#### Exercise goal:
Reproduce the data below exactly. Skip the pictures.

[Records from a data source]
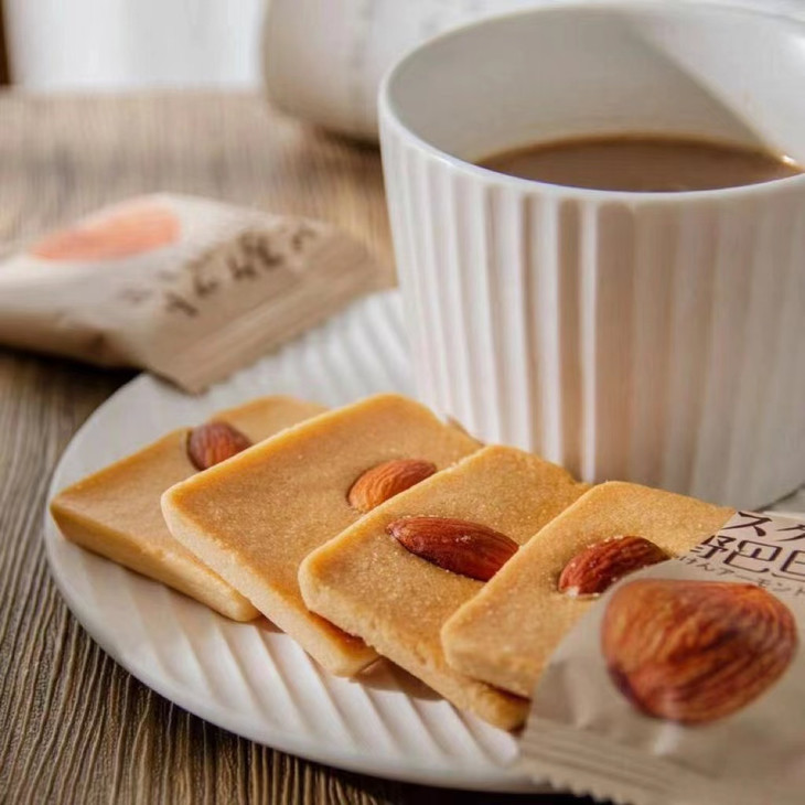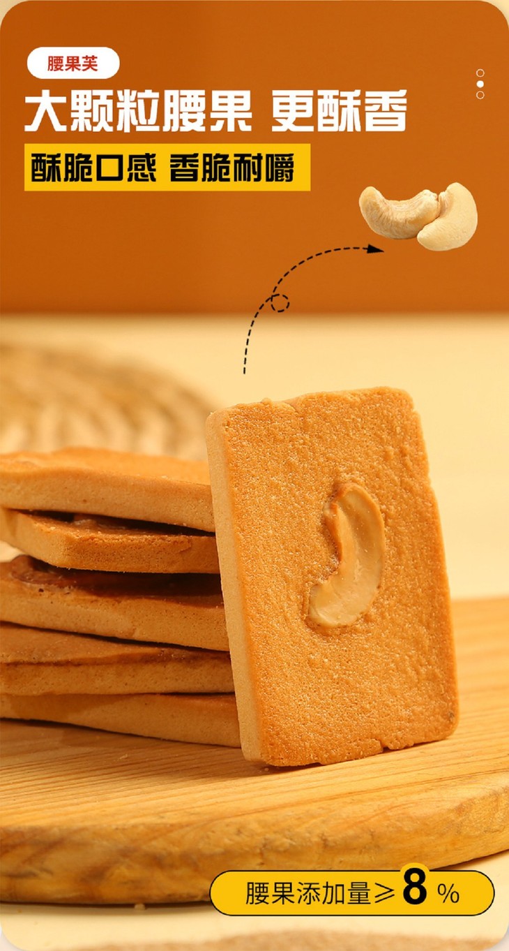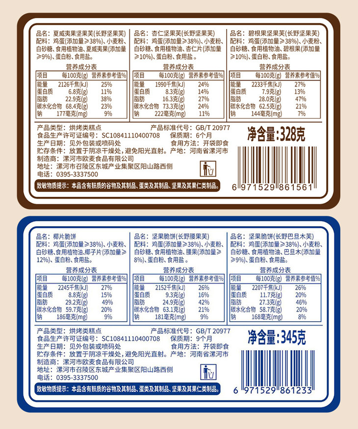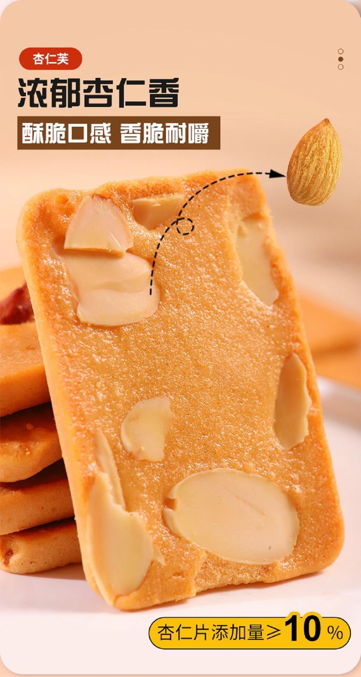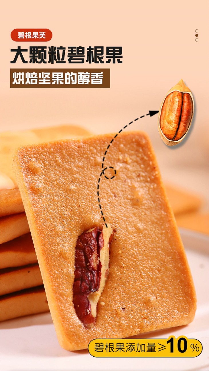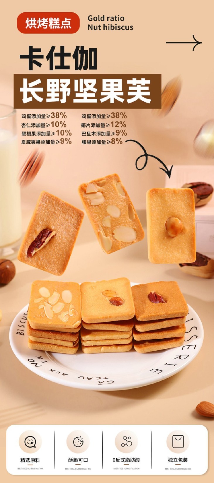 添加≥38%鲜鸡蛋,开袋就是扑鼻蛋香味,厚切蛋糕饼底 夏威夷果添加量9%,碧根果添加量10%,杏仁添加量10%,膳食配比均衡,每个饼干上都有一个坚果,好像小时候吃的味道,低温烘焙,非油炸制作,不易上火
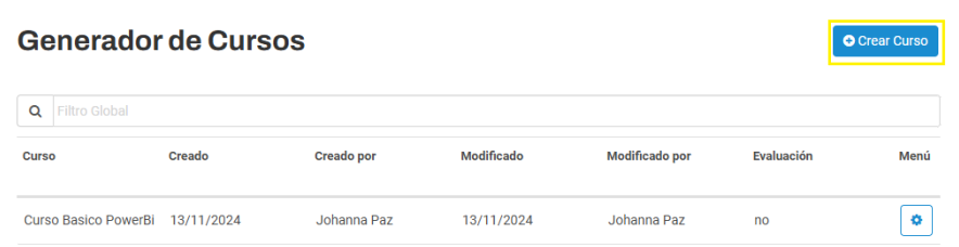 Para generar un nuevo curso el facilitador tendrá que ir al botón > Crear Curso y ahi comenzar a crearlo
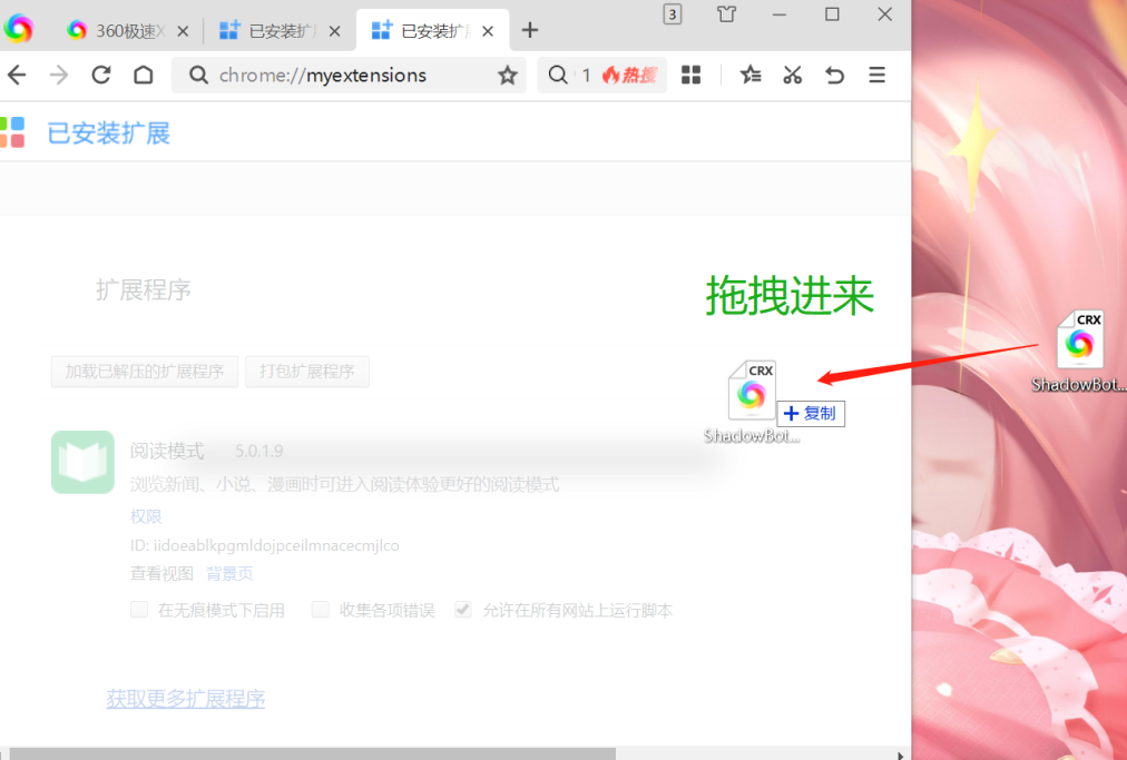 第二步:开启开发者模式,拖动插件到扩展程序页面来安装;
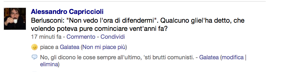 Cioè, fammi capire: auspichi un clima del genere? Se avessi potuto avresti tirato anche tu monetine ai tempi? Davvero ti pare normale l’atteggiamento (non è il termine più azzeccato ok) di alcune procure – una in particolare – nei confroni di Berlusconi?
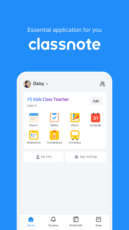 - Semua dalam satu di Catatan Kelas - situs web institut, mengelola laporan harian, menyampaikan pemberitahuan, dan buletin.
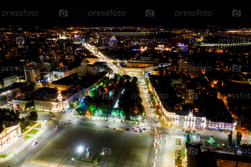 Воронеж, Россия. Площадь Ленина и площадь Кольцовского. Ночная панорама города Воронежа с воздуха. Яркие уличные фонари. Вид с воздуха
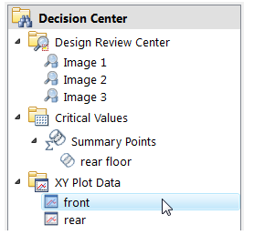 3. To plot temperature for the front and rear occupants, click on each XY plot in the Decision Center:
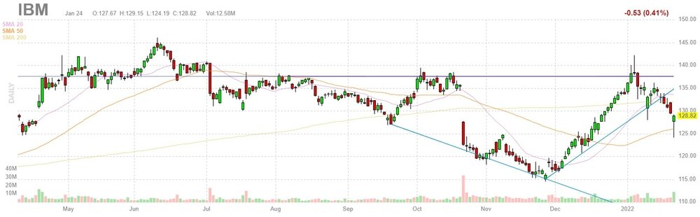 Согласно обнародованному отчету, прибыль компании IBM (IBM) по итогам четвертого квартала 2021 финансового года (ФГ) достигла $3.35 в расчете на одну акцию (против $2.07 на одну акцию в четвертом квартале 2020 ФГ), что оказалось выше среднего прогноза аналитиков на уровне $3.29 на одну акцию.

#### Task result:
 添加≥38%鲜鸡蛋,开袋就是扑鼻蛋香味,厚切蛋糕饼底 夏威夷果添加量9%,碧根果添加量10%,杏仁添加量10%,膳食配比均衡,每个饼干上都有一个坚果,好像小时候吃的味道,低温烘焙,非油炸制作,不易上火
 Para generar un nuevo curso el facilitador tendrá que ir al botón > Crear Curso y ahi comenzar a crearlo
 第二步:开启开发者模式,拖动插件到扩展程序页面来安装;
 Cioè, fammi capire: auspichi un clima del genere? Se avessi potuto avresti tirato anche tu monetine ai tempi? Davvero ti pare normale l’atteggiamento (non è il termine più azzeccato ok) di alcune procure – una in particolare – nei confroni di Berlusconi?
 - Semua dalam satu di Catatan Kelas - situs web institut, mengelola laporan harian, menyampaikan pemberitahuan, dan buletin.
 Воронеж, Россия. Площадь Ленина и площадь Кольцовского. Ночная панорама города Воронежа с воздуха. Яркие уличные фонари. Вид с воздуха
 3. To plot temperature for the front and rear occupants, click on each XY plot in the Decision Center:
 Согласно обнародованному отчету, прибыль компании IBM (IBM) по итогам четвертого квартала 2021 финансового года (ФГ) достигла $3.35 в расчете на одну акцию (против $2.07 на одну акцию в четвертом квартале 2020 ФГ), что оказалось выше среднего прогноза аналитиков на уровне $3.29 на одну акцию.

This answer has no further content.